The documentation set for this product strives to use bias-free language. For the purposes of this documentation set, bias-free is defined as language that does not imply discrimination based on age, disability, gender, racial identity, ethnic identity, sexual orientation, socioeconomic status, and intersectionality. Exceptions may be present in the documentation due to language that is hardcoded in the user interfaces of the product software, language used based on RFP documentation, or language that is used by a referenced third-party product. Learn more about how Cisco is using Inclusive Language.
The Firewall Resource Management feature limits the number of VPN Routing and Forwarding (VRF) and global firewall sessions that are configured on a router.
After you configure the global-level or VRF-level session limit and reconfigure the session limit, if the global-level or VRF-level session limit is below the initially configured session count, no new session is added; however, no current session is dropped.
Resource Management limits the level of usage of shared resources on a device. Shared resources on a device include:
Bandwidth
Connection states
Memory usage (per table)
Number of sessions or calls
Packets per second
Ternary content addressable memory (TCAM) entries
The Firewall Resource Management feature extends the zone-based firewall resource management from the class level to the VRF level and the global level. Class-level resource management provides resource protection for firewall sessions at a class level. For example, parameters such as the maximum session limit, the session rate limit, and the incomplete session limit protect firewall resources (for example, chunk memory) and keep these resources from being used up by a single class.

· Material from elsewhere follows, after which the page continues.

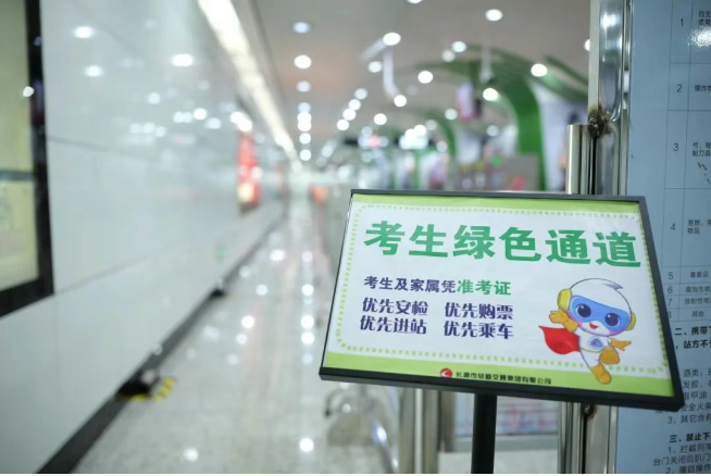 6月7日至9日,长春市轨道交通集团开启“爱心护航”模式,所有车站安检口均设置“考生绿色通道”,考生凭准考证可携陪同家属享受优先安检、优先通行、优先问询、优先处理。特别在临近工农广场(省实验考点)与和平大街(十一高考点)出站口设置陪考家长临时休息区,让家长候考更安心。

When virtual routing and forwarding (VRF) instances share the same policy, a firewall session setup request from one VRF instance can make the total session count reach the maximum limit. When one VRF consumes the maximum amount of resources on a device, it becomes difficult for other VRF instances to share device resources. To limit the number of VRF firewall sessions, you can use the Firewall Resource Management feature.
At the global level, the Firewall Resource Management feature helps limit the usage of resources at the global routing domain by firewall sessions.
The VRF-Aware Cisco IOS XE Firewall applies the Cisco IOS XE Firewall functionality to VPN Routing and Forwarding (VRF) interfaces when the firewall is configured on a service provider (SP) or large enterprise edge routers. SPs provide managed services to small and medium business markets.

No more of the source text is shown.